In autumn 2021, the Jokkoo collective was commissioned to program the new edition of Madrid’s Electronica in April. It is by far the largest commission Maguette, Baba and company have received to date. And here a striking paradox occurs: cultural institutions are opening their doors to pan-African electronica with more interest than dance clubs. Miriam is suspicious: “The institutions are interested. I don’t know if it’s because of the diversity quota, but now they’re interested in things that they’ve been ignoring for a long time. And it gives them a social capital”, she intuits. Maguette emphasizes that it is the institutions that are taking the step and approaching their proposals, unlike the clubs, which have had to insist and convince over time. “But beyond the quota, there are people in these institutions who are interested in new things and put love and care into it,” celebrates Dieng.

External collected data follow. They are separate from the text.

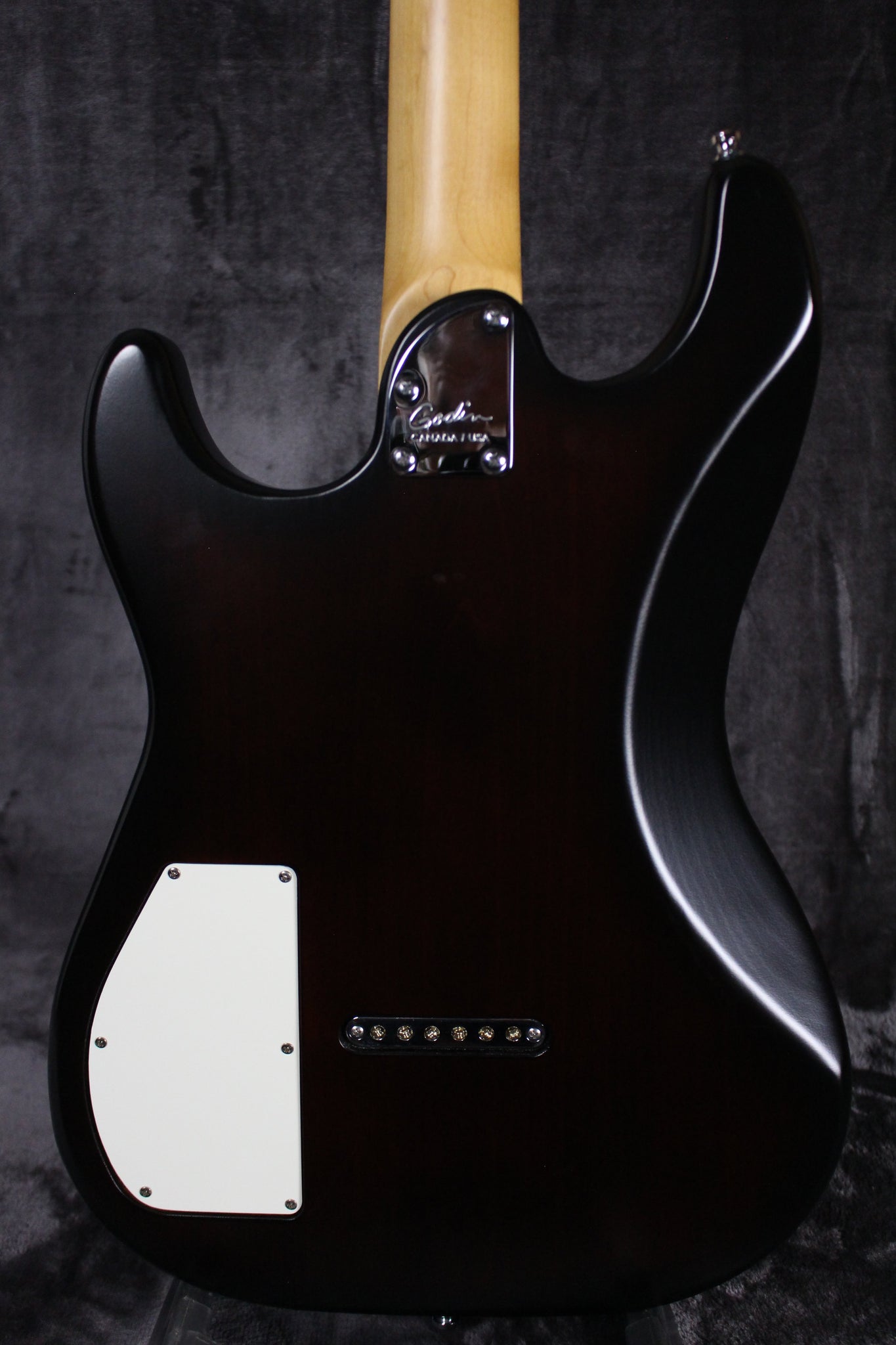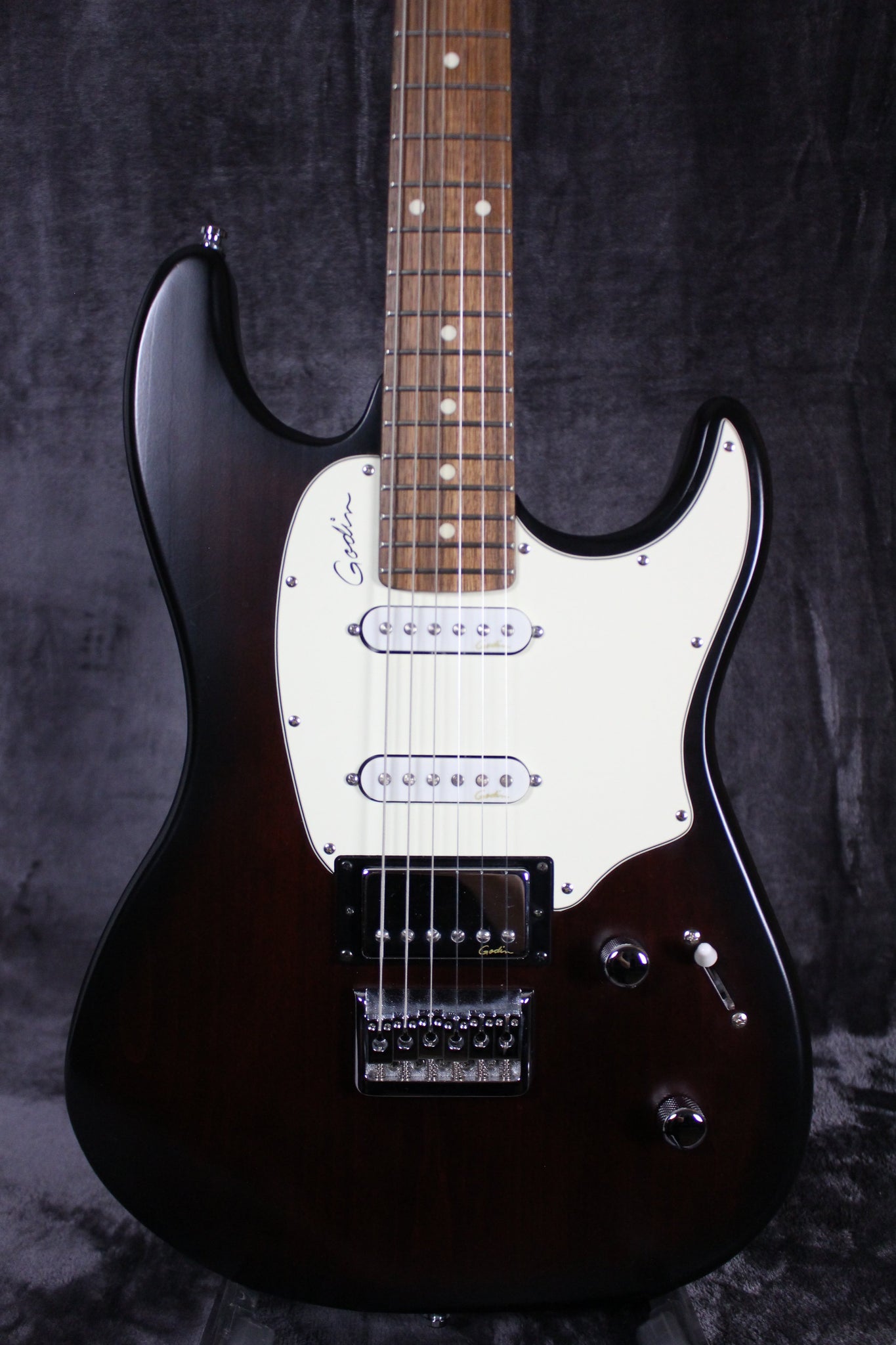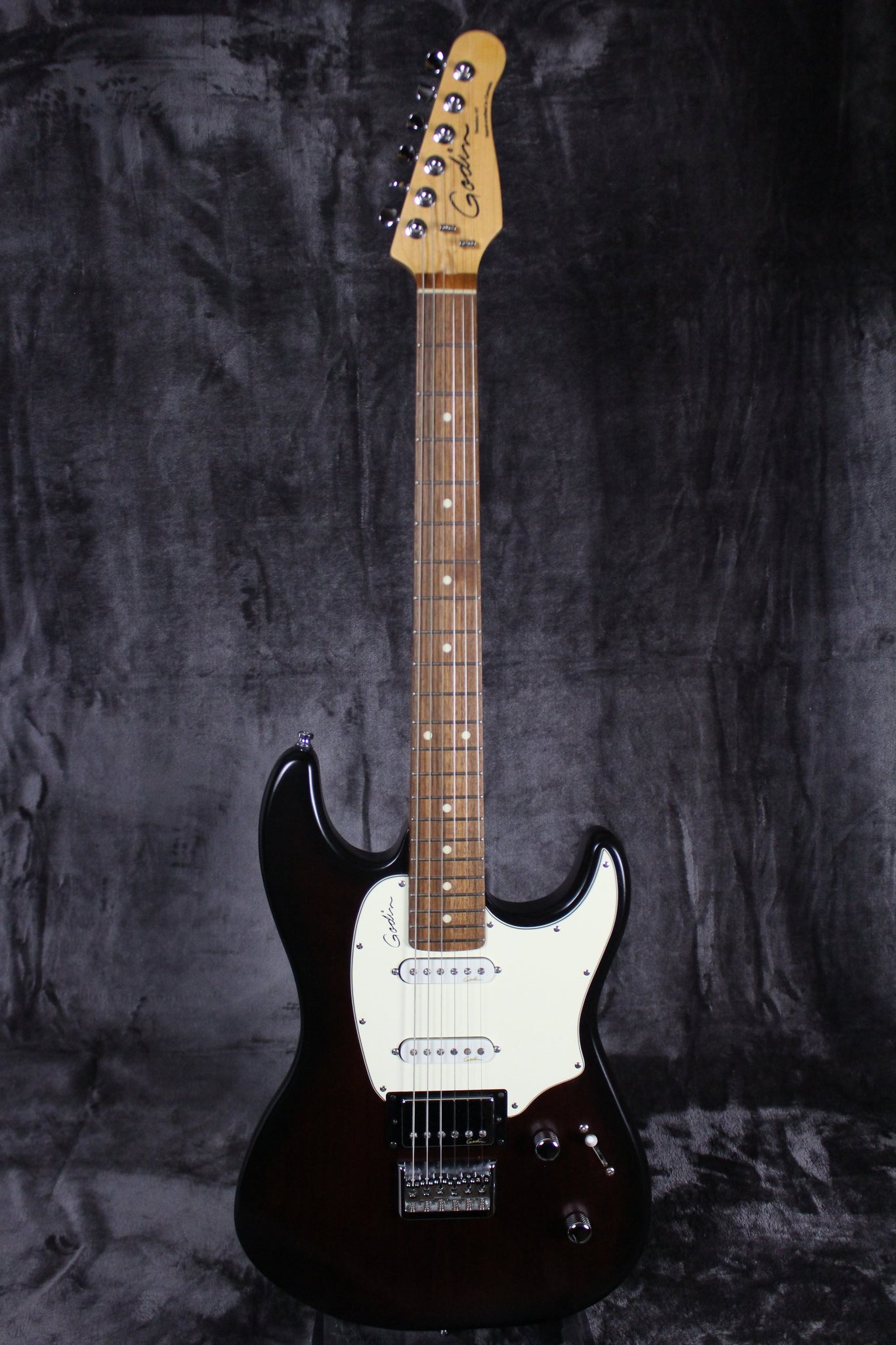 Pickups/Hardware: Godin custom humbucker, GS-1 single coil pickups, push/pull tone, volume, 5 way switch, hardtail bridge, chrome knobs,
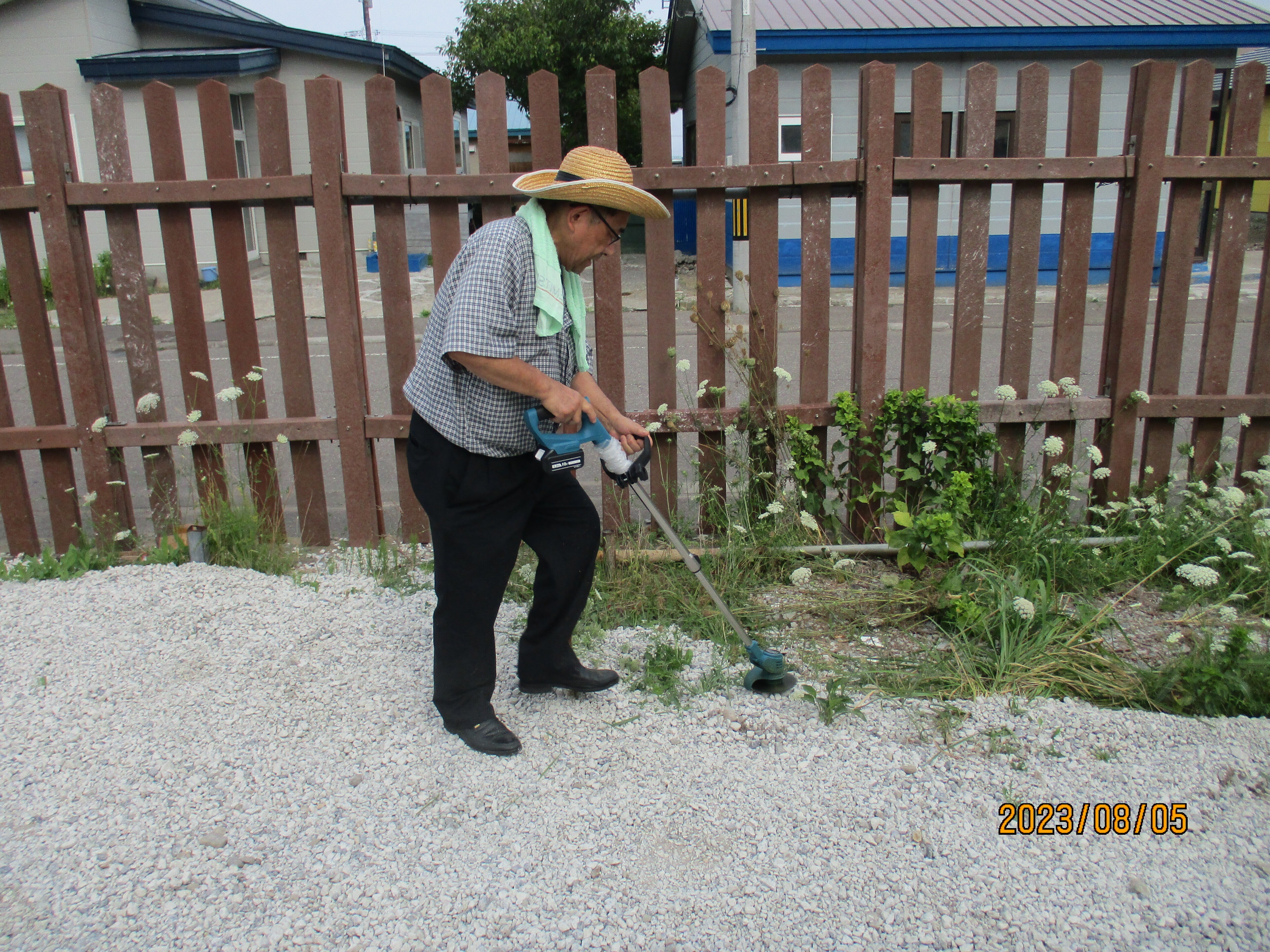 こんにちは、今年は此の格好で神社内の草刈りをしました。暑かったですよ。間を置いて3日間でした。趣味でした。この後はお墓も少しこっそり刈りました。何せ電動式なので音が静かで最高です。いつも車に積んでますよ。伸び縮みするので。お笑い芸人ですが。明上雅孝。
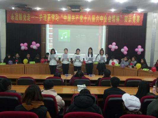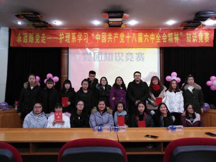 为深入学习贯彻十八届六中全会精神,营造浓厚学习氛围,护理系党总支创新学习形式,于12月23日在学术报告厅举办“永远跟党走——学习十八届六中全会精神”知识竞赛,以赛促学,以学促做。该系党总支王丹副书记,辅导员孙圣钧、周利老师出席比赛。
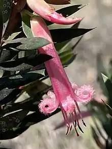 Styphelia triflora, commonly known as pink five-corners,[2] is a flowering plant in the heath family Ericaceae. It is an erect, spreading shrub with broad leaves with a spiky tip, and usually pink tubular flowers with the petals rolled back. It is found in New South Wales and Queensland growing on loam or sandy soils.

In a country where the presence of African artists on the music agenda is little more than an exotic exception, Jokkoo has completely turned the face of the Electronic cycle in April. From March 31 to April 3, La Casa Encendida will host performances by Ugandan rapper MC Yallah, from the fast-paced Tanzanian singeli duo Duke & Mczo, from Angolan kuduro producer Nazar, from Palestinian hip-hop project Lil Asaf & Ba and the Ghanaian multidisciplinary artist Steloo, as well as unpublished stopovers in Spain by artists from the African diaspora such as the English Klein or the French Nsodos. “It’s the best programming I’ve ever seen,” Mookie blurts out, as he goes over and over in his mind the list of artists that make up this unimaginably black lineup.

FOC, your own club

The penultimate adventure of the Jokkoo collective has been to found their own venue so as not to have to live at the expense of what fits or doesn’t fit into the increasingly tight schedules of the clubs. It’s called FOC (fire, in Catalan) and it’s on the third floor of a semi-abandoned industrial warehouse in Barcelona’s Zona Franca, a few meters from the Montjuïc cemetery. They are still working on the architectural and sound design of the space, but they have already set up a party. In December De Schuurman, an Afro-Dutch disc jockey with roots in the Caribbean island of Curaçao, played. That Saturday night, on the huge and open floor of the FOC club, there was an unusual mix of skin colors in the audience. While Baba Sy and De Schuurman alternated at the controls, on one of the walls of the premises was projected Afro Samurai, Japanese anime with a futuristic aesthetic starring a young man with afro hair who seeks justice in the world.